France

[FR] Council of State Revokes Application of Private Copying Levy to Products Acquired for Professional Purposes

IRIS 2011-7:1/20

Amélie Blocman

Légipresse

In a decision of 17 June 2011, the Conseil d’Etat (Council of State) revoked the application of private copying levies to products acquired for professional purposes. Under Article L. 311-1 of the Intellectual Property Code, which transposes Directive 2001/29/EC, the authors, performers and producers of works fixed on phonograms or videograms are entitled to compensation for the reproduction of their works for private copying purposes. Authors and producers of works fixed on any other media for their reproduction for private copying purposes on a digital recording device are also entitled to the compensation. Article L. 311-5 of the Code entrusts a committee (known as the “Private Copying Committee”) with the task of determining the types of equipment, rates of compensation (which depend on the type of equipment and the maximum length of recording) and how the compensation should be paid.

A number of companies and professional associations of equipment manufacturers and retailers asked the Conseil d’Etat to revoke the decision of 17 December 2008 in which the Private Copying Committee had extended the compensation scheme to include certain “new” media and fixed the relevant levies. The applicants disputed the inclusion in the scheme of products acquired by professionals for purposes other than private copying. In its decision, the Conseil d’Etat set out the principles governing compensation for private copying. It then pointed out that, in its Padawan judgement of 21 October 2010, the Court of Justice of the European Union, ruling on a preliminary question, said that the indiscriminate application of the private copying levy, particularly to equipment, devices and digital reproduction media that were not sold to private users but clearly intended for uses other than copying for private use, was incompatible with Directive 2001/29/EC. The Conseil d’Etat therefore revoked the disputed decision of the Private Copying Committee to apply the levy to all equipment without the possibility of exempting devices acquired, particularly for professional purposes, “whose conditions of use do not suggest that they are to be used for private copying purposes”. The fact that the committee had calculated the rate of remuneration for certain equipment depending on the extent to which it was used for professional purposes was deemed irrelevant by the Conseil d’Etat.

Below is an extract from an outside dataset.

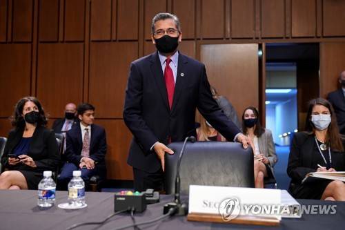 epa09497394 Secretary of Health and Human Services Xavier Becerra arrives for a Senate Health, Education, Labor, and Pensions Committee hearing to discuss reopening schools during Covid-19 on Capitol Hill in Washington, DC, USA, 30 September 2021. EPA/Greg Nash / POOL

In principle, when an administrative act is revoked, it is considered never to have existed. However, it is thought that, if this act was revoked retroactively, both rightsholders and companies which had paid the levy would face considerable uncertainty, with the risk of requests for reimbursement or additional payments so numerous that the future of the whole private copying compensation system could be seriously affected. For this reason, the Conseil d’Etat ruled that the decision should be revoked after a period of six months. This delay should enable the committee to set out new remuneration scales, taking this decision into account. The rightsholders, for their part, believe that “it is now up to the public authorities and the Private Copying Committee to make the necessary adjustments to the private copying remuneration mechanism, while safeguarding the fair compensation of rightsholders.”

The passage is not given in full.